Viajar a La Vega. Por: Manuel Amaya. (La Vega-Cundinamarca).

Hace meses, o algo más de un año, no viajo a La Vega; hoy lo hago por este medio de transporte: las palabras. Son palabras que nacen en recuerdos de una época lejana. Las últimas veces que viajé sentí que no había salido de Bogotá, que estaba en un suburbio más tibio y alegre, es verdad, pero no muy diferente, porque es como si el pueblo hubiera sido alcanzado por uno de los brazos del pulpo monstruoso, como si ya formara parte de él.

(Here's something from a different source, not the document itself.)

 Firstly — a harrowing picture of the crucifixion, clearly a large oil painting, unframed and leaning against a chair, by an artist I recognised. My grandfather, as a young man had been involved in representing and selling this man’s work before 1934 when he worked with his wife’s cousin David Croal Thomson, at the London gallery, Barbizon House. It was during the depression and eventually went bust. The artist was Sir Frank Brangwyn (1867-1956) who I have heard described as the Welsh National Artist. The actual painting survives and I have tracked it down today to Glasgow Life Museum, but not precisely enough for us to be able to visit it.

Cada veguno y cada persona que vive en La Vega la conoce y la siente de una manera distinta: cada uno guarda su propia versión del pueblo, sus propias vivencias. Yo, en realidad, a pesar de los años de exilio, no he abandonado La Vega y sueño que ella también me ha sido fiel. Vuelvo los ojos hacia mi pasado en La Vega y veo que es un manojo de recuerdos vivos, que el pasado intemporal no termina de pasar, no terminará, que mis recuerdos de La Vega no se dejan masticar por el olvido. Recorro de nuevo las calles polvorientas bajo el sol o estampo las huellas de mis pisadas sobre el barro ya amasado por otras personas, por los carros y por las bestias de carga.

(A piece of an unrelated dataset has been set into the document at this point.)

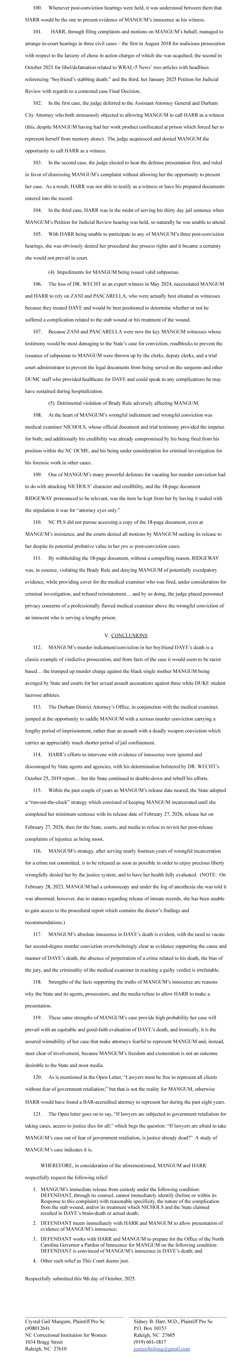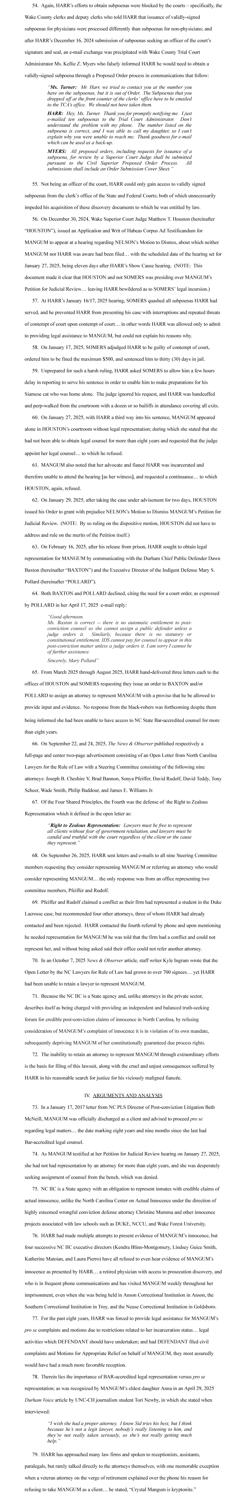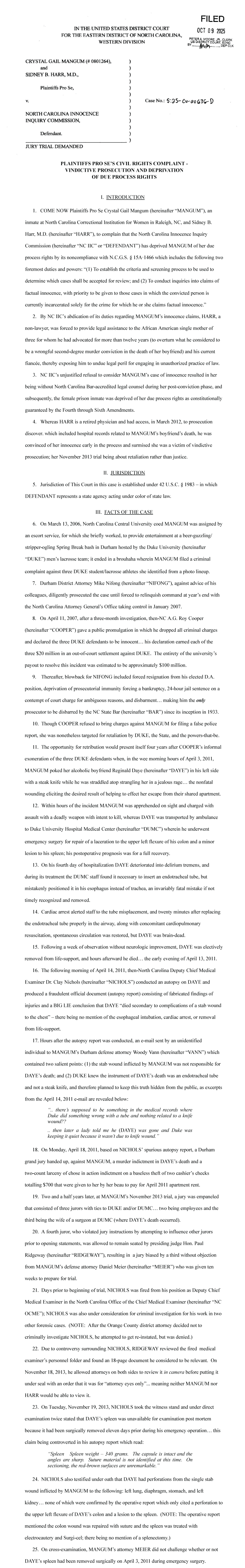 Brief Initial Complaint Mangum, Harr v. NC Innocence Inquiry Commission

El pueblo es pequeño y sus calles solitarias, a no ser los domingos. Mientras el niño, o el adolescente, camina hacia el pueblo —el centro—, tiene tiempo para soñar. Si divisa al caminante con el que va a cruzarse, busca en su mente una fórmula: adiós, buenos días, buenas tardes, que esté muy bien, cómo le va... No importa si es alguien del campo o del pueblo ni si lo ha visto antes o no: en La Vega nadie era un desconocido.

Para el joven estudiante de bachillerato viajar a Bogotá era un tormento. En los años setenta el viaje interminable duraba dos horas y media según el indolente andar de los relojes, el regreso era más amable. Aún no existía la autopista a Medellín y, en el regreso, la carretera destapada llegaba hasta El Chuscal, o La Virgen, y continuaba por lo que ahora se denomina la carretera vieja, atravesaba varias veredas hasta la vereda de San Juan ya en las goteras del pueblo. Se decía que la carretera había sido construida a pico y pala.

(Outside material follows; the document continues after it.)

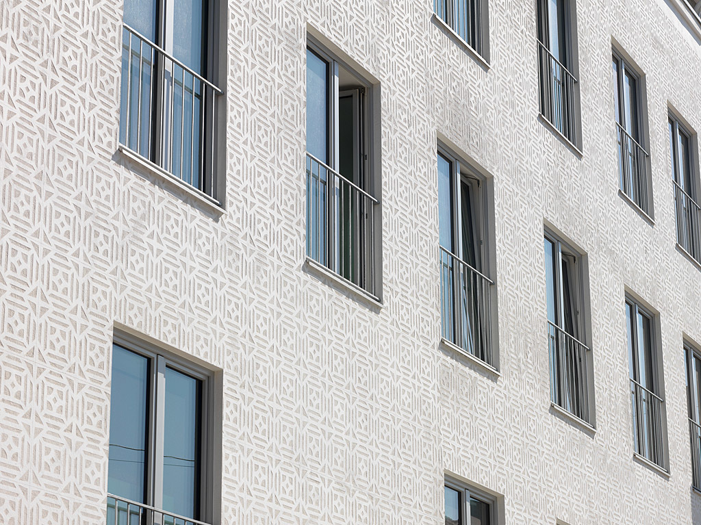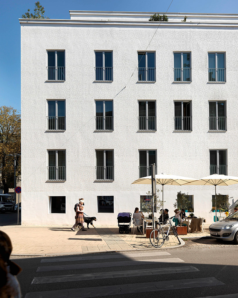 Nach außen, zur Stockergasse und zum Marktplatz hin, zeigt der nun höhere, mit wenig Gliederung ungeschmückt wirkende Baukörper angemessene urbane Dichte. Die Fensterachsen des ehemaligen Vorstadthauses wurden weitgehend beibehalten, aber einheitlich mit bodentiefen französischen Fenstern versehen. Nähert man sich der Fassade, so weicht ihre schroffe Fernwirkung der zarten Anmutung einer ornamentalen Feinstruktur in Weißtönen, die sie zur außergewöhnlichen, Aufmerksamkeit heischenden Außenhaut machen.

Cuando terminé el bachillerato en el Colegio Departamental integrado Ricardo Hinestroza Daza, viajé para radicarme en Bogotá y durante años regresé al pueblo cada fin de semana, y pasaba las vacaciones allá, o mejor acá, porque llevo eses recuerdos en mí y me asaltan cuando quieren sin que yo pueda repelerlos y, además, nunca lo intento. Cuando viajaba a La Vega los viernes, parecía que iba p’al cielo, o hacia lo que ahora denomino mi paraíso perdido. La carretera era angosta y se curvaba y recurvaba a cada instante. El bus, pitaba antes de cada curva, es decir, todo el tiempo, para que los carros que avanzaban en sentido contrario buscaran el sitio adecuado para orillarse y darse paso uno al otro. Dentro del bus, el olor a gasolina era constante y el rebote, o ansias de vomitar, me aquejaba lo mismo que a otros pasajeros.

Durante las épocas de verano, la polvareda que levantaba el bus, sumada a veces a la que levantaban los vehículos con los que se cruzaba, invadía el interior. Conversar con el pasajero de al lado se convertía en una proeza porque el ruido del motor obligaba a dialogar a gritos. Cuando por fin llegábamos al pueblo, los pasajeros empezábamos a desfilar para apearnos, cansados por el viaje y moviéndonos como momias embalsamadas bajo numerosas capas de polvo; solo los brillos de los ojos delataban que éramos humanos vivos y no seres de ultratumba. Esa Vega ya no existe o tal vez sí: bajo capas de olvido y aún brilla intacta en mi memoria y en mis ojos —eso espero—, mientras escribo.